Wang and colleagues conducted a cohort study of 91,426 parous women (mean age, 34.9 years) from the U.S. Nurses’ Health Study II who were followed for 30 years from 1989 to 2019. All participants reported at least one pregnancy lasting 6 months or longer at age 18 years or older.
Overall, 3,937 deaths were documented during 2,609,753 person-years of follow-up, with 255 deaths from CVD and 1,397 from cancer, the researchers wrote. Women with a history of gestational diabetes had a higher crude mortality rate compared with women without (1.74 vs. 1.49 per 1,000 person-years). After adjusting for potential confounders and lifestyle factors during the reproductive life span, the risk for mortality stayed higher for women with a history of gestational diabetes (HR = 1.25; 95% CI, 1.11-1.41).
These associations persisted regardless of type 2 diabetes development.
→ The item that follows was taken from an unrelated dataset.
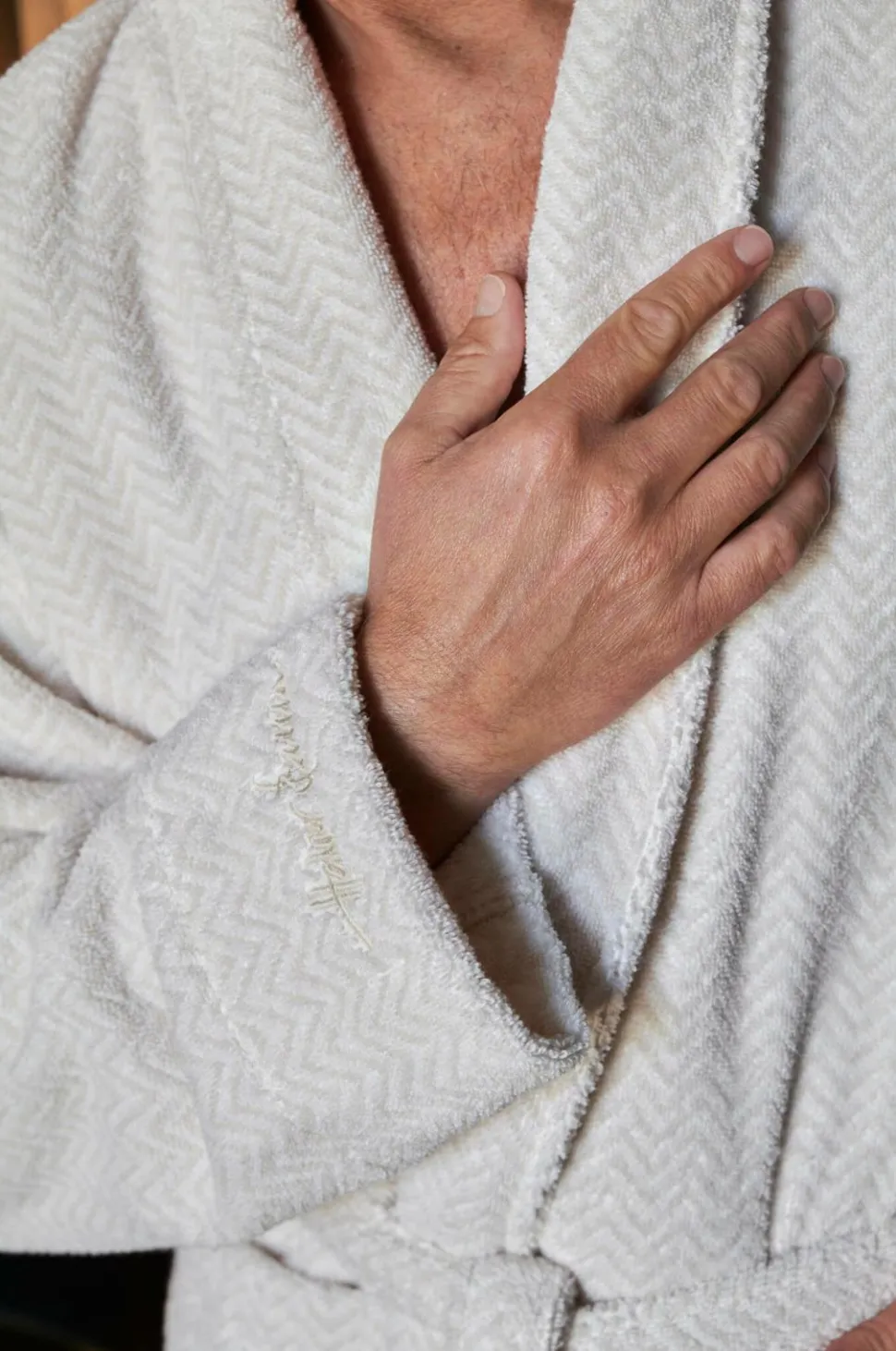 Luksuriøs jacquardvævet badekåbe fra Halvor bakke i 100 % garnfarvet bomuldsfrotté. Samme design fås i et håndklæde. Verbier-badekåberne er jacquardvævede i zero twist-garn, hvilket giver optimal absorption, og det diskrete tone-i-tone sildebensmønster giver tekstilet liv og dybde. Farverne supplerer efterårets varme palet perfekt og passer smukt sammen med clifton og la grave. 100% garnfarvet bomuldsfrotté. Jacquardvævet 350 g/m². Fås i størrelse s/m og l/xl. Leveres i flere farver. Brystlomme og sidelommer. Bælte i taljen. Badekåben er en del af Halvor Bakkes Bedtime Story kollektion.
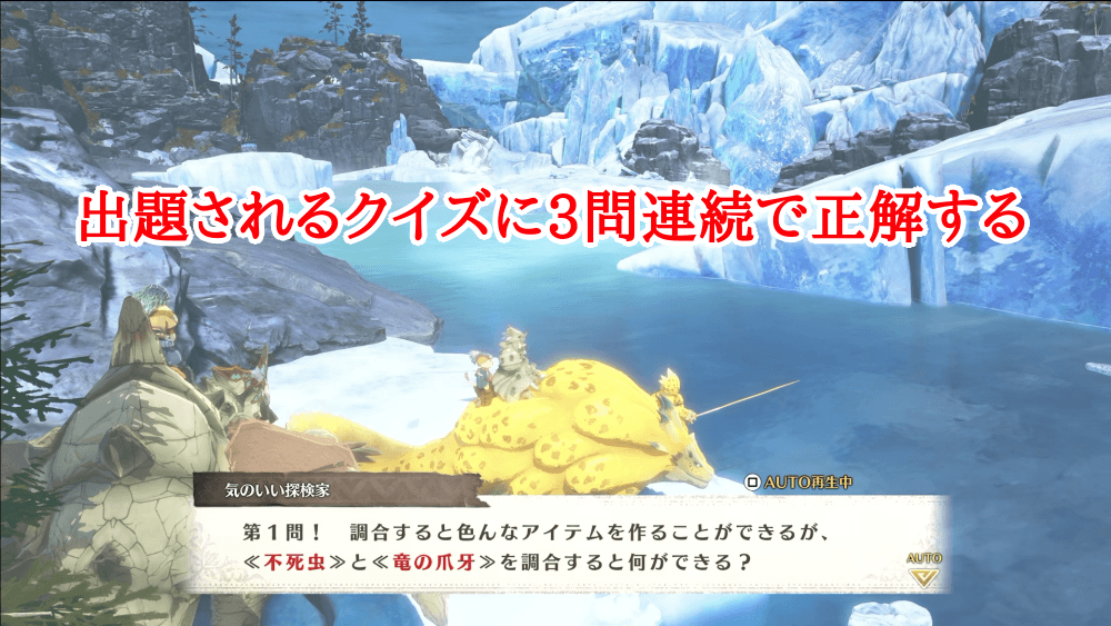 問題と答え 第1問 不死虫と竜の爪牙を調合するとできるのは?答え:生命の粉塵 第2問 リオレウスと一緒に里孵しすると効率がいいのは?答え:アジャラカン 第3問 夜時間に起きない変化は?答え:ルナガロンが立つ

In addition, the associations between gestational diabetes history and higher mortality were more robust among women who had gestational diabetes in two or more pregnancies (HR = 1.48; 95% CI, 0.99-2.19), gestational diabetes in the initial and subsequent pregnancies (HR = 1.71; 95% CI, 1.11-2.63) and concurrently reported hypertensive disorders in pregnancy (HR = 1.8; 95% CI, 1.21-2.67), preterm birth (HR = 2.46; 95% CI, 1.66-3.64) or low birth weight (HR = 2.11; 95% CI, 1.21-3.68).
Researchers also observed a direct association between gestational diabetes and the risk for mortality due to CVD (HR = 1.59; 95% CI, 1.03-2.47) in cause-specific mortality analyses. In addition, researchers noted an inverse association between gestational diabetes and cancer mortality (HR = 0.76; 95% CI, 0.59-0.98), but this association was observed only among women who later developed type 2 diabetes.
“The findings emphasize the importance for health care professionals to consider gestational diabetes as a critical factor when evaluating the later-life mortality risk of their patients,” the researchers wrote.